La Commission abat ses atouts

Hier, “les autorités belges ont déclaré que la Commission européenne leur avait demandé d’inspecter le flux de production de l’installation responsable du déficit d’AstraZeneca” , annonce le Financial Times. Bruxelles et les Vingt-Sept “ont également demandé si les vaccins produits dans l’UE avaient déjà été expédiés au Royaume-Uni” , poursuit le quotidien financier. Les résultats “du contrôle par les douanes françaises et belges” devraient arriver ce vendredi, et permettre de savoir si l’entreprise “a sorti des doses des usines belges pour les envoyer au Royaume-Uni” , estime Dominique Seux au micro de France Inter.

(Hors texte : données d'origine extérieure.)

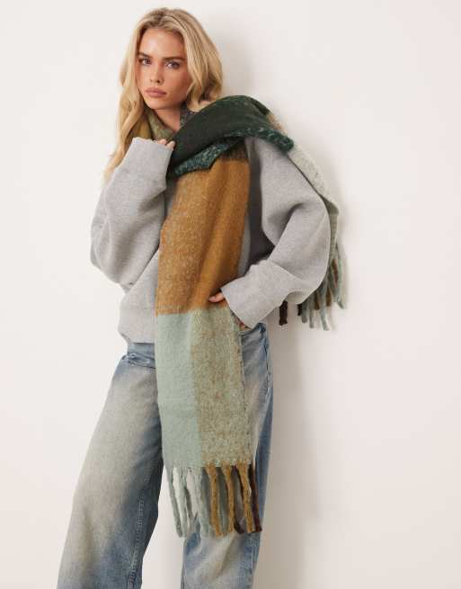 VILA – Superweicher Fransenschal mit Karomuster in Grün und gedeckten Farben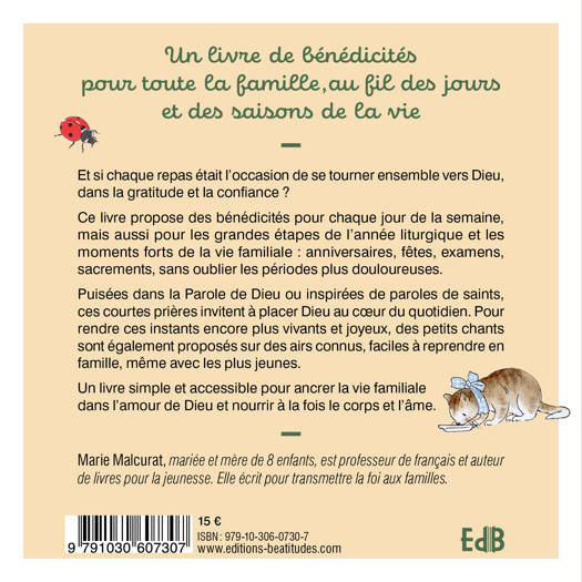 Et si chaque repas était l’occasion de se tourner ensemble vers Dieu, dans la gratitude et la confiance ? Ce livre propose des bénédicités pour chaque jour de la semaine, mais aussi pour les grandes étapes de l’année liturgique et les moments forts de la vie familiale : anniversaires, fêtes, examens, sacrements, sans oublier les périodes plus douloureuses. Puisées dans la Parole de Dieu ou inspirées de paroles de saints, ces courtes prières invitent à placer Dieu au cœur du quotidien. Pour rendre ces instants encore plus vivants et joyeux, des petits chants sont également proposés sur des airs connus, faciles à reprendre en famille, même avec les plus jeunes. Un livre simple et accessible pour ancrer la vie familiale dans l’amour de Dieu et nourrir à la fois le corps et l’âme.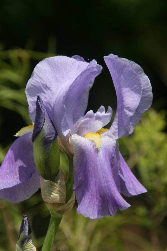 Die Pflanzen haben blaugraue, bereifte Blätter und wenig verzweigte Blütenstängel mit hell lavendelblauen, "blassen" Blüten. Auf den äußeren Perigonblättern (Perigon deshalb weil sich Kelch- und Kronblättern nicht unterscheiden lassen) befindet oberseits ein Längsstreifen dichter, "bartähnlicher" Haare -> Bartiris. Zur Blütezeit sind die Hochblätter trockenhäutig und befinden sich als gelbbräunliches, trockenes Blatt unterhalb der Blüte.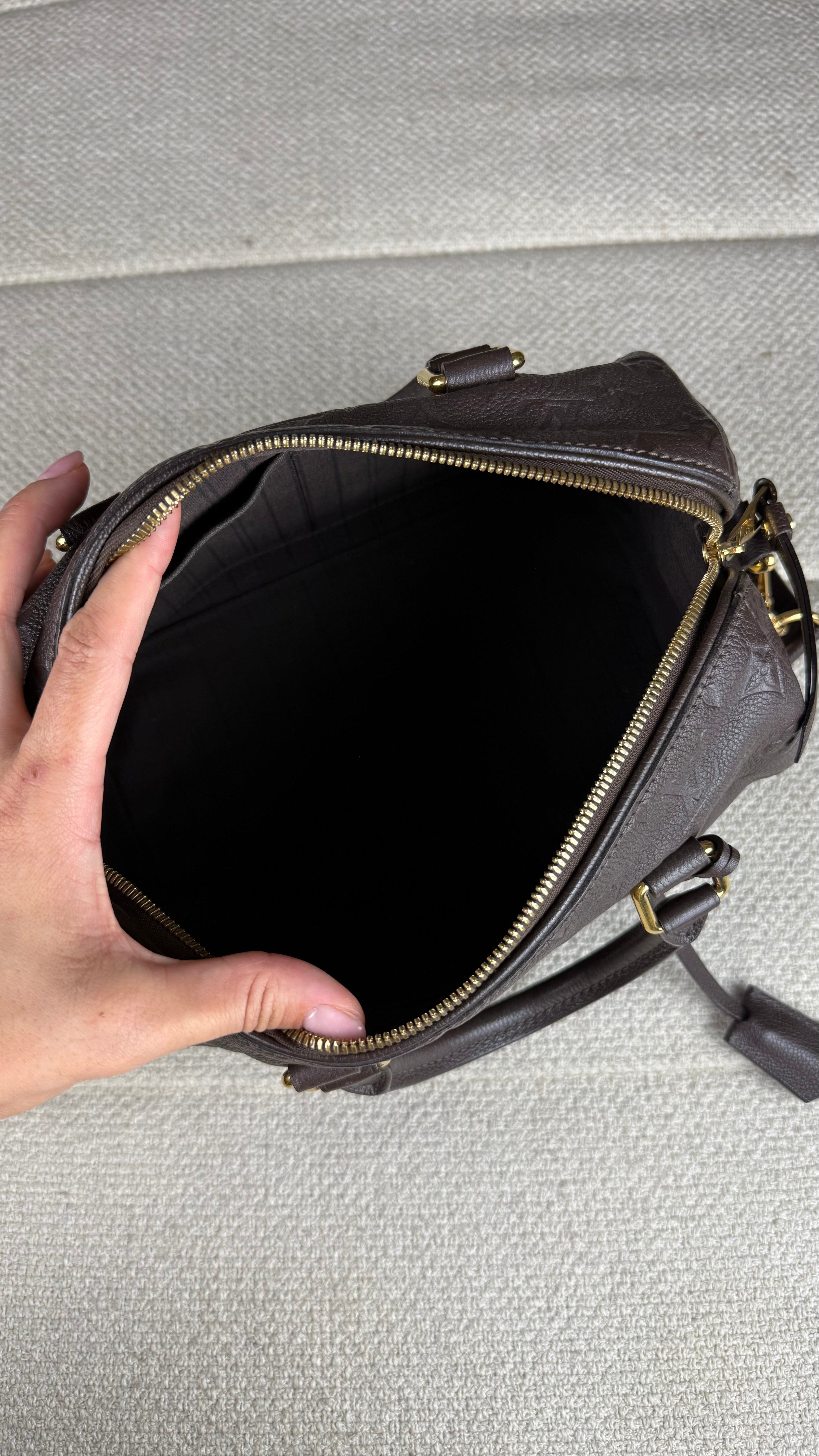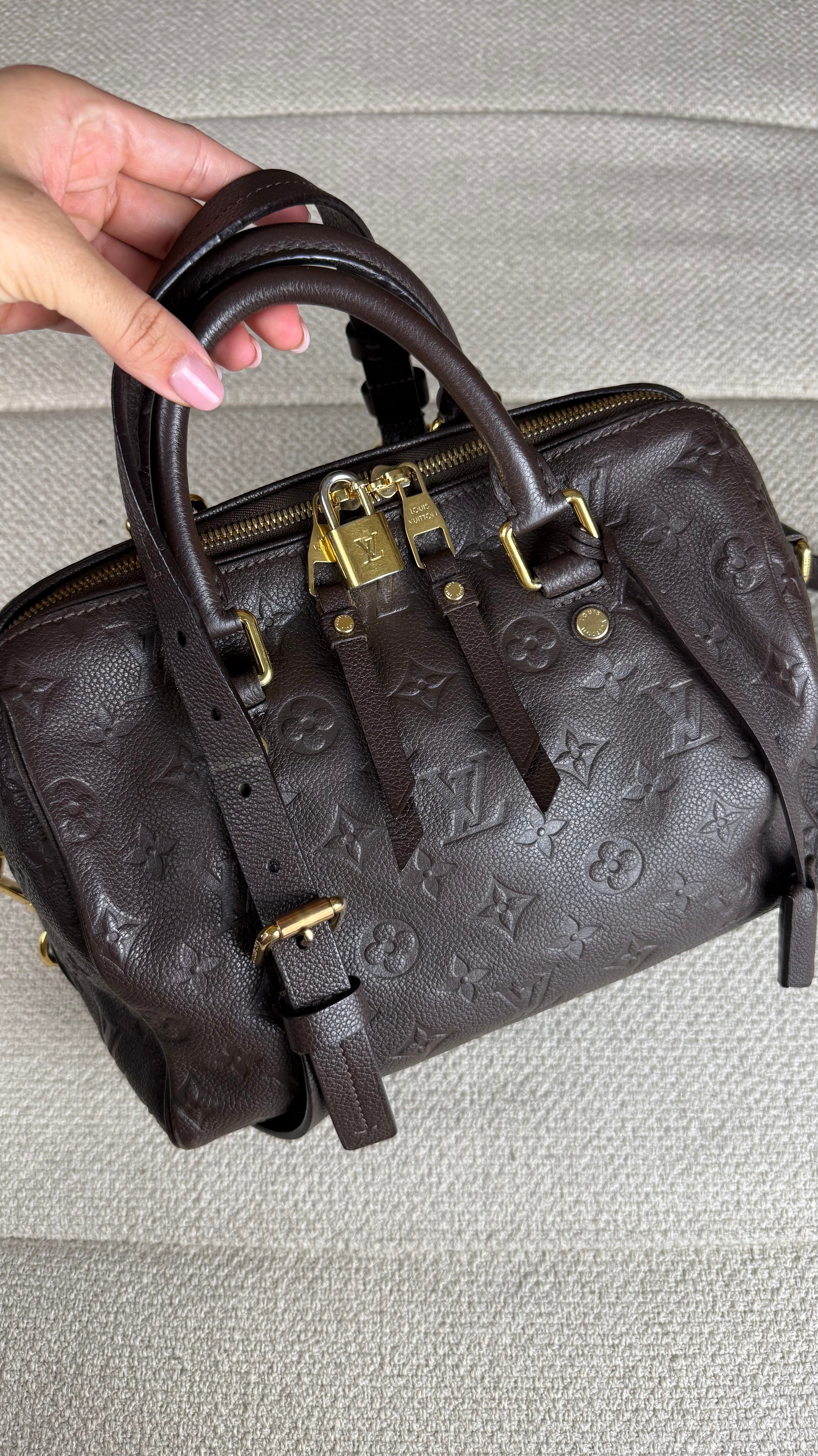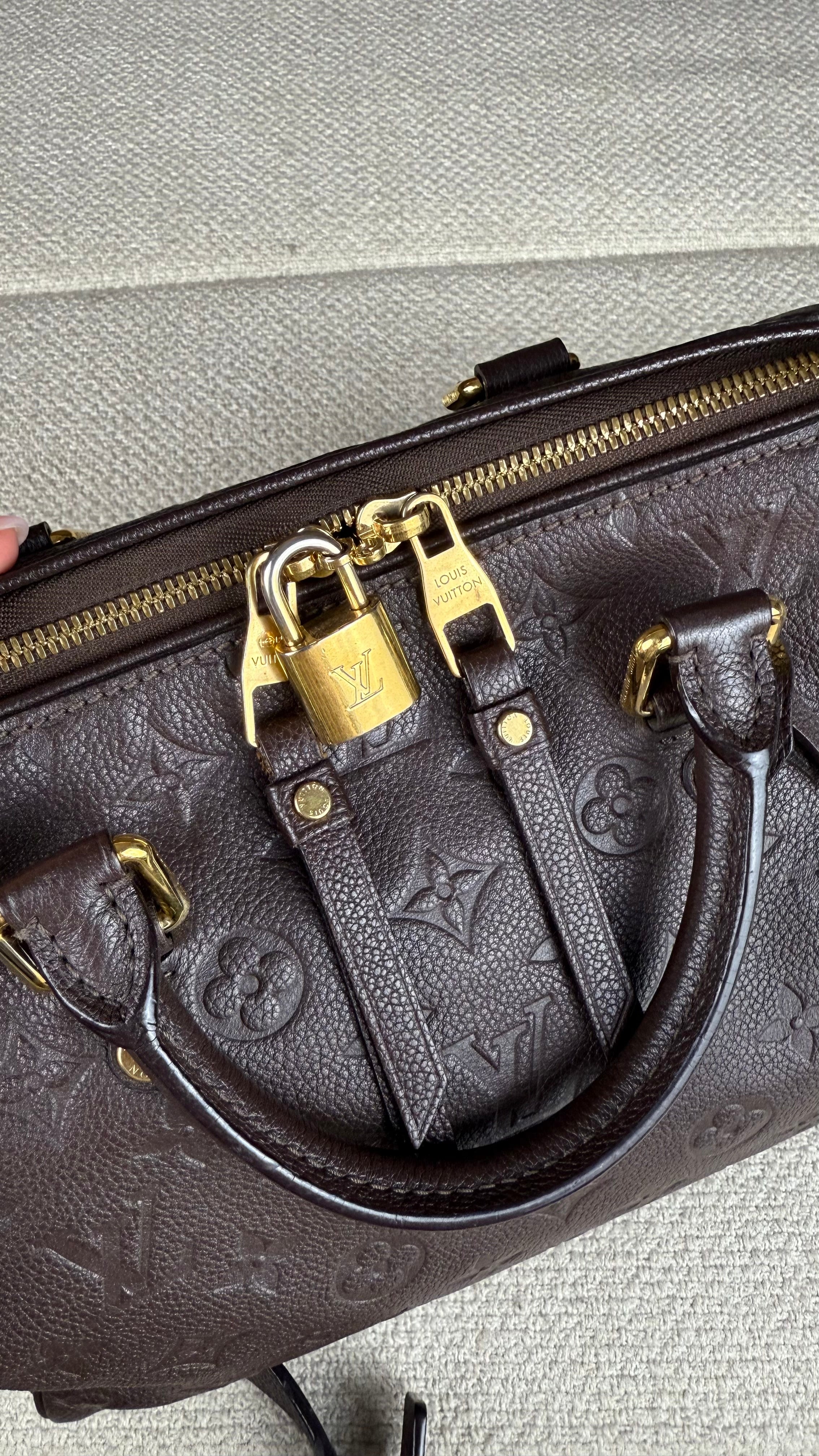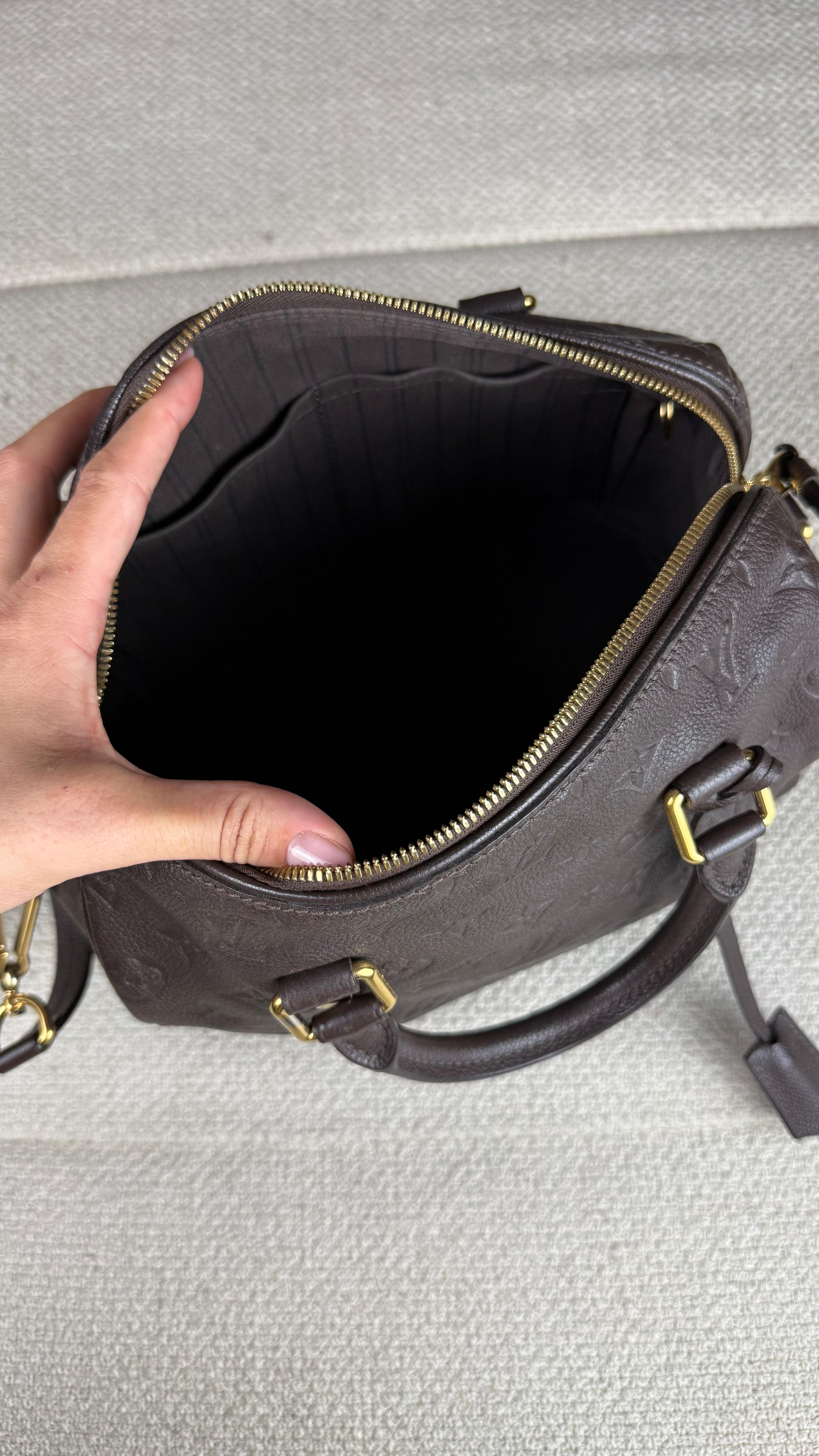 Ícone da Louis Vuitton, a Speedy 25 Bandoulière é o equilíbrio perfeito entre elegância atemporal e praticidade. Confeccionada em couro Monogram Empreinte — material premium com o clássico monograma LV e flores em relevo — este modelo combina luxo discreto com resistência e versatilidade.

Pour Politico, seul un examen du contrat passé entre la firme et Bruxelles “permettra de déterminer si AstraZeneca s’est engagé à effectuer un nombre concret de livraisons par mois ou par trimestre, si certaines usines mentionnées sont celles à partir desquelles la commande de l’UE serait exécutée et si la priorité convenue par l’UE pourrait être accordée à d’autres clients” . Des extraits du contrat - qui vient d’être publié par la Commission européenne sur son site - montreraient que “contrairement à ce que prétend la société, deux usines au Royaume-Uni sont également prévues pour la production de vaccins pour l’UE” , selon la radio allemande Deutschlandfunk [Frankfurter Allgemeine Zeitung]. Une information confirmée après lecture de celui-ci par le journaliste Dave Keating sur son compte Twitter. La version publiée par l’exécutif européen dissimule cependant les dates estimées de livraison.

A 15h15 cet après-midi, la Commission présentera également son mécanisme de transparence donnant “l’obligation pour tout laboratoire situé dans l’UE d’informer le pays où il se trouve sur les exportations de vaccins anti-Covid-19 qu’il compte réaliser, le nombre de doses et la destination” , informe La Libre. “Les autorités douanières concernées auront alors la responsabilité d’évaluer, sur base de certains critères (qui seront déterminés ce vendredi), si ces exportations ne contreviennent pas aux contrats d’achat de l’UE. Si c’est le cas, les autorités nationales consulteraient la Commission avant de décider éventuellement d’interdire ces exportations” , explique le quotidien. Pour Les Echos, si l’UE ne va donc pas “stricto sensu interdire les exportations, […] elle veut s’offrir la possibilité d’en bloquer si elle estime qu’elles se font au détriment des propres livraisons qui lui ont été promises” .

Défendre l’intérêt de l’UE

“Le pataquès en cours avec AstraZeneca aura au moins servi de leçon à une UE qui ne veut plus être prise en flagrant délit de naïveté” , poursuit le quotidien économique. “Vue comme trop peu active au début de la crise sanitaire, alors que les questions de santé ne font pas partie de ses prérogatives, l’UE joue une partie de sa crédibilité sur les vaccins. Elle doit montrer que jouer groupé, c’est jouer gagnant” , écrit 20 Minutes. En effet, face aux difficultés rencontrées dans l’approvisionnement des vaccins, certains gouvernements, comme celui de Pedro Sánchez en Espagne, “commencent à exprimer leur mécontentement et tiennent la Commission pour responsable des retards dans le déploiement des vaccins” , rapporte Politico.

Pour reprendre la main sur la situation, la présidente de la Commission européenne Ursula von der Leyen rencontrera dimanche après-midi les PDG des laboratoires avec lesquels l’UE a signé des accords de préachat de vaccins. “L’objectif est d’examiner comment combiner les efforts des secteurs public et privé pour prendre de l’avance dans la stratégie vaccinale de l’UE et être prêt à faire face aux nouveaux variants du coronavirus ainsi qu’à toute prochaine ‘menace de type pandémique’ ” , selon un fonctionnaire européen cité par Politico.